I'm trying to define a "quasi-generic" function. Rather than making it entirely generic, I'd like it to work only for the "integer" types (i.e. byte, sbyte, int16, uint16, int, uint32, int64, uint64, bigint).
How can I put this into a type annotation on the function definition? To clarify, how would I rewrite the following code to actually work (using only 3 types presumably without loss of generalization):
let square (x: int|int64|bigint) =
x * x
First of all, there is no way to resolve such a type constraint using standard .NET generics at runtime.
F# does allow you to express a limited form of such constraints by resolving them at compile time and inserting the proper function call inline. This makes use of statically resolved type parameters.

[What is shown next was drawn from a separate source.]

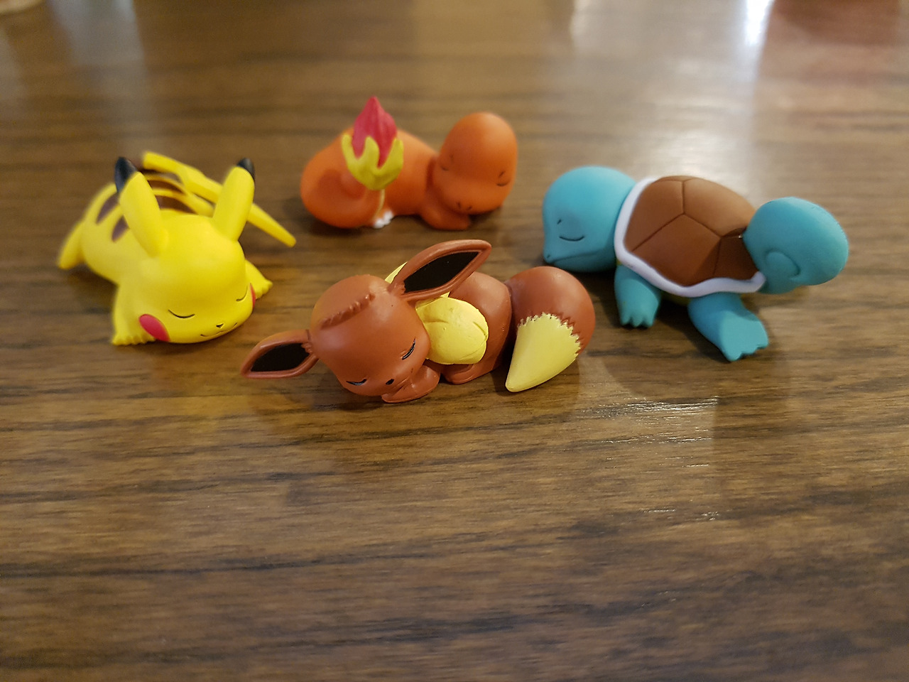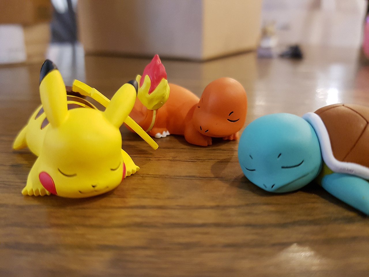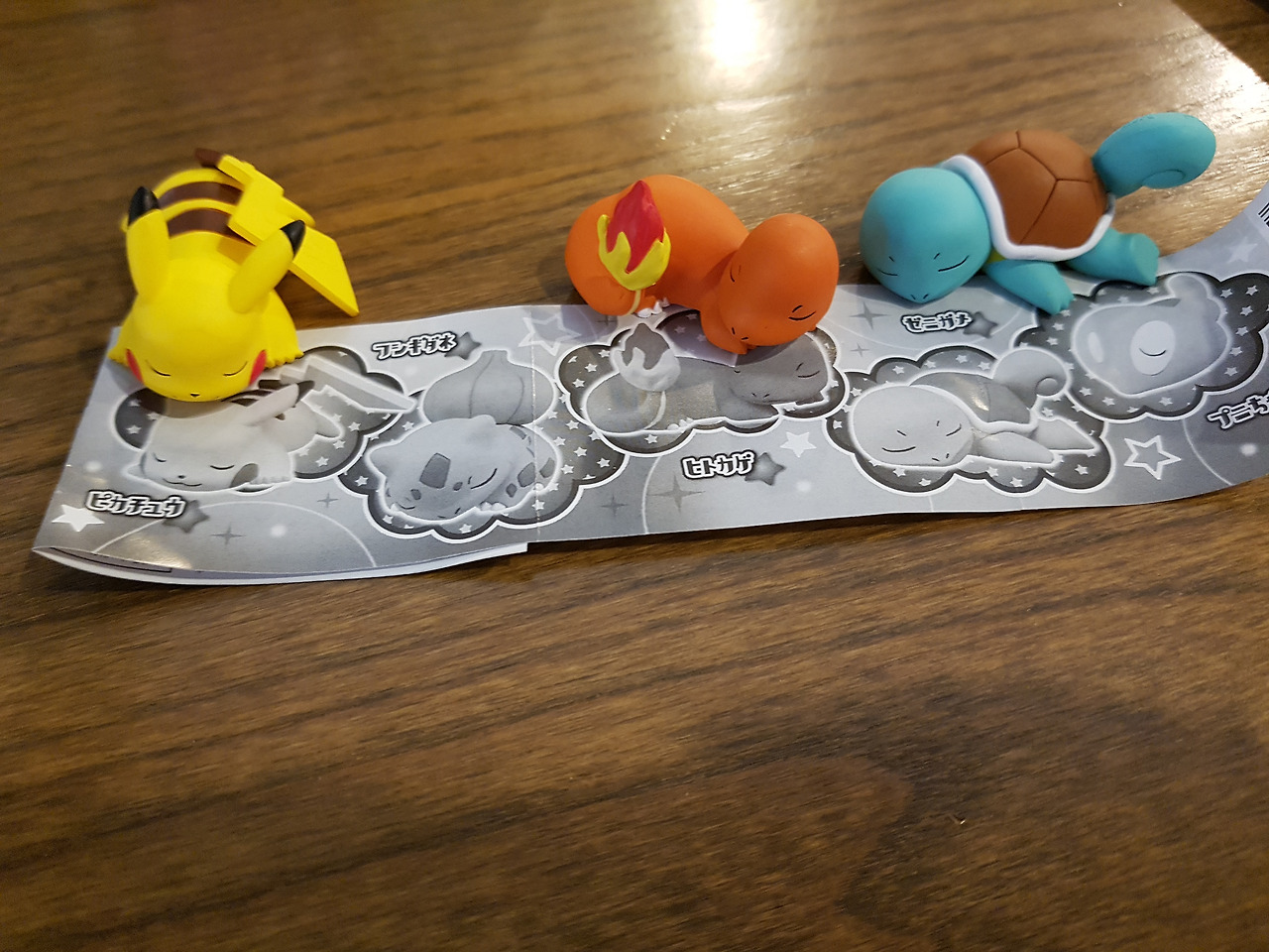 아 귀엽다. 왼쪽부터 잠꾸러기 피카츄, 잠꾸러기 파이리, 잠꾸러기 꼬부기.

It's quite simple for the case you have described, you can just write:
let inline square x = x * x
This will work for any type 'T
which has the *
operator defined.
You can also apply specific static/member constraints explicitly but this requires more ugly syntax, e.g.
let inline id item =
( ^T : (member Id : int) (item))
This example function will operate on any type that exposes an Id
property of type int
.
Update: Based on the specific use case you're describing, you really type-classes. Those don't really exist in F# (aside from a few hard-coded examples) but you can simulate them using a marker type and member constraints, here is an example:
type Marker =
|Marker
static member Multiply (marker : Marker, numX : int, numY : int) =
numX * numY
static member Multiply (marker : Marker, numX : int64, numY : int64) =
numX * numY
let inline multiply x y =
((^T or ^U) : (static member Multiply : ^T * ^U * ^U -> ^S) (Marker, x, y))
multiply 5 7
multiply 5L 7L
Notice this lets you specify the exact types you want to allow the functionality on.